我已经这样做好几天了,我正在尝试抓取这个网站:“https://careers.ispor.org/jobseeker/search/results/” 我已经涵盖了所有内容,从提取每个职位页面中的信息的脚本到计算有多少页面的脚本,但为了获取每个职位发布的单独链接,我需要循环浏览页面每个包含 25 个列表,但这就是问题所在:
这是到目前为止我的代码,此时我已成功获取第一页的数据:
from zenrows import ZenRowsClient
client = ZenRowsClient("the_api_key_i_got_from_the_trial_account")
url = "https://careers.ispor.org/jobseeker/search/results"
params = {"js_render":"true","premium_proxy":"true"}
response = client.get(url, params=params)
soup = BeautifulSoup(response.content, 'html.parser')
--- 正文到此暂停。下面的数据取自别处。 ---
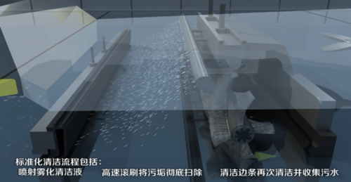 具體到清潔效果,張華龍表示,清潔效果比人工要好。ispider采用螺旋槳推動清洗機器人,并保持一定的壓力,使其可伸縮的毛刷工作臂與待清洗面接觸,由內置驅動裝置驅動毛刷輥子高速旋轉擊打清洗面,配合噴水軟化和沖洗污垢。這樣即保證清洗力度,又可以提高移動速度,提高效率。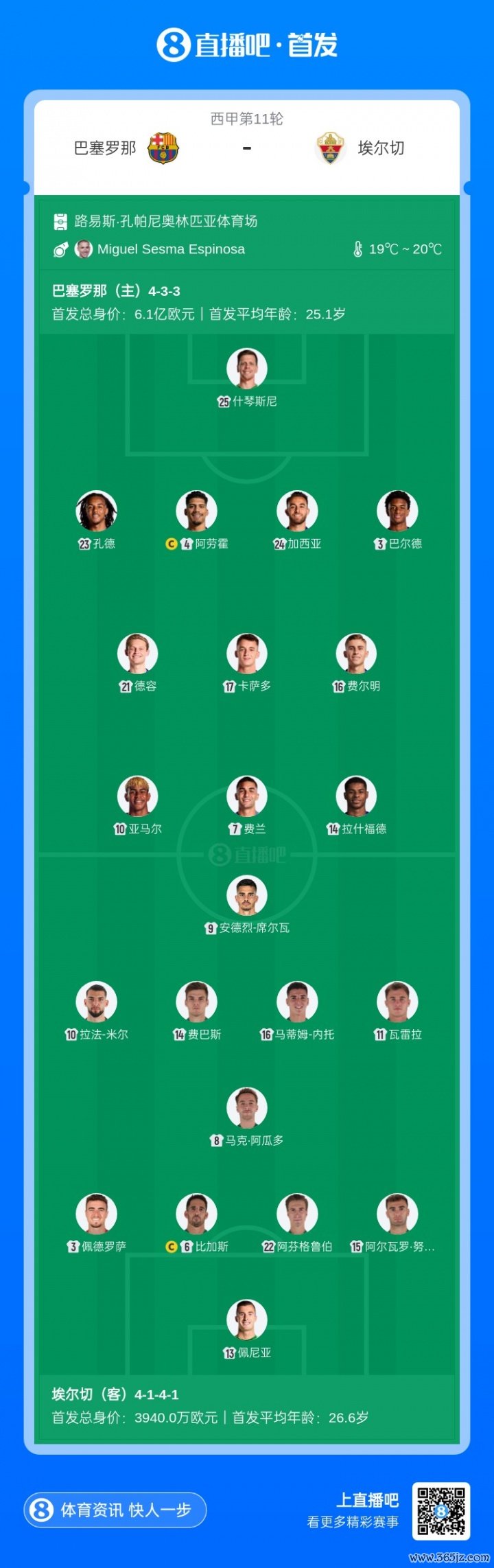 巴萨vs埃尔切首发:亚马尔、拉什福德、费兰先发,莱万复出替补

此后,我一直在尝试复制单击“下一页”按钮时检查的ajax请求,但我得到的结果只是模仿进入下一页,而返回结果上的职位发布是第一页:
data = {
'page': '2',
'pos_flt': '0',
'location_autocomplete': 'true',
'radius': '320',
'ajaxRequest': '1',
'user_latlong': 'lat=33.874698638916$long=10.102299690247',
"js_render": "true",
"premium_proxy": "true"
}
cookies = {
'AWSALB': "e6+c5w9IR/N4+ERov3onMB85zlZbl+mughxR4zfjLRLMoq9SJwBHTesVwdSAoTLuK88spU0tbqTVZ8jI7NGHLxMo/7Q+DefZBboxMZDGRMLBY60+HRQaBnKOYDhJ",
'AWSALBCORS': "e6+c5w9IR/N4+ERov3onMB85zlZbl+mughxR4zfjLRLMoq9SJwBHTesVwdSAoTLuK88spU0tbqTVZ8jI7NGHLxMo/7Q+DefZBboxMZDGRMLBY60+HRQaBnKOYDhJ",
'JTSUBREF': "careers.ispor.org",
'datadome': "pn970laC_lalBETD5NWHB~pVKYYLrP2fg9_1JlfW1POc~Ny5Usr37BfuNP1UiAl3kCxoOA7z0Pvlwo69rK5WBre5T9znj0U3p55vC_mMGn1w56eqcSU1eWpla3DYLyJb"
}
headers = {
'authority': 'careers.ispor.org',
'method': 'GET',
'path': '/c/@search_results/controller/includes/search_jobs.cfm?page=2&pos_flt=0&location_autocomplete=true&radius=320&ajaxRequest=1&user_latlong=lat%3D33.874698638916%24long%3D10.102299690247',
'scheme': 'https'
}
response = client.get(url, params=params, headers=headers, cookies=cookies, data=data)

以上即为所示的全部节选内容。